Training deep physical neural networks with local physical information bottleneck
This addresses the energy and latency constraints in deep learning for AI applications, though it is incremental as it builds on existing PNN concepts with a novel training method.
The paper tackles the challenge of training deep physical neural networks (PNNs) for energy-efficient AI by introducing the Physical Information Bottleneck (PIB) framework, which enables supervised, unsupervised, and reinforcement learning across electronic and optical platforms without auxiliary digital models.

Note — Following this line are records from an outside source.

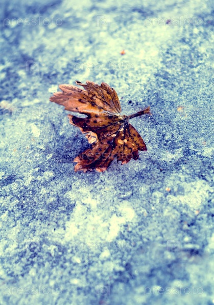 Желтый лист на льду
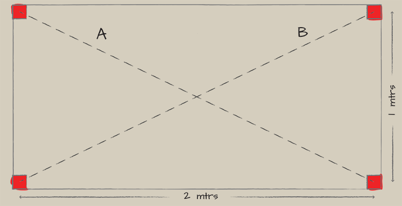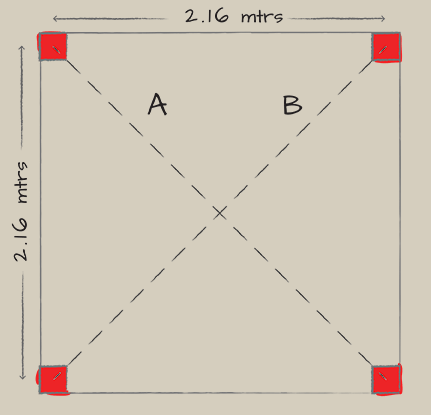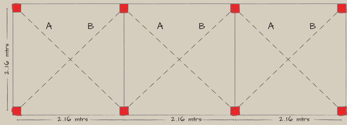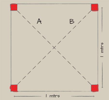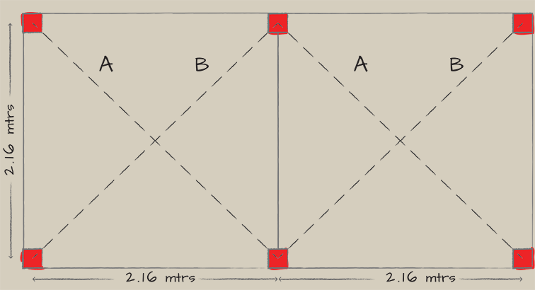 Once you have prepared and measured the site it is a good idea to stake out the area and mark clearly where your posts will be situated before you start assembly. Using a tape measure or a piece of string, clearly layout the full extent of the structure's footprint with either temporary markers or stakes. Lines A and B should be equal in length. Ensure that the footprint is completely straight by using a builders square to check that all corners are 90 degrees.
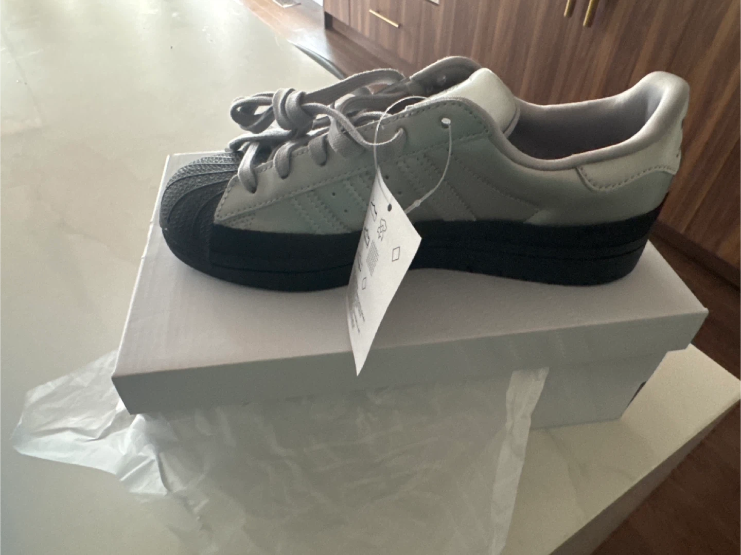Here are some Adidas Superstar shoes in grey! They are in great condition and come with the original box. Perfect for everyday wear or adding to your sneaker collection

Deep learning has revolutionized modern society but faces growing energy and latency constraints. Deep physical neural networks (PNNs) are interconnected computing systems that directly exploit analog dynamics for energy-efficient, ultrafast AI execution. Realizing this potential, however, requires universal training methods tailored to physical intricacies. Here, we present the Physical Information Bottleneck (PIB), a general and efficient framework that integrates information theory and local learning, enabling deep PNNs to learn under arbitrary physical dynamics. By allocating matrix-based information bottlenecks to each unit, we demonstrate supervised, unsupervised, and reinforcement learning across electronic memristive chips and optical computing platforms. PIB also adapts to severe hardware faults and allows for parallel training via geographically distributed resources. Bypassing auxiliary digital models and contrastive measurements, PIB recasts PNN training as an intrinsic, scalable information-theoretic process compatible with diverse physical substrates.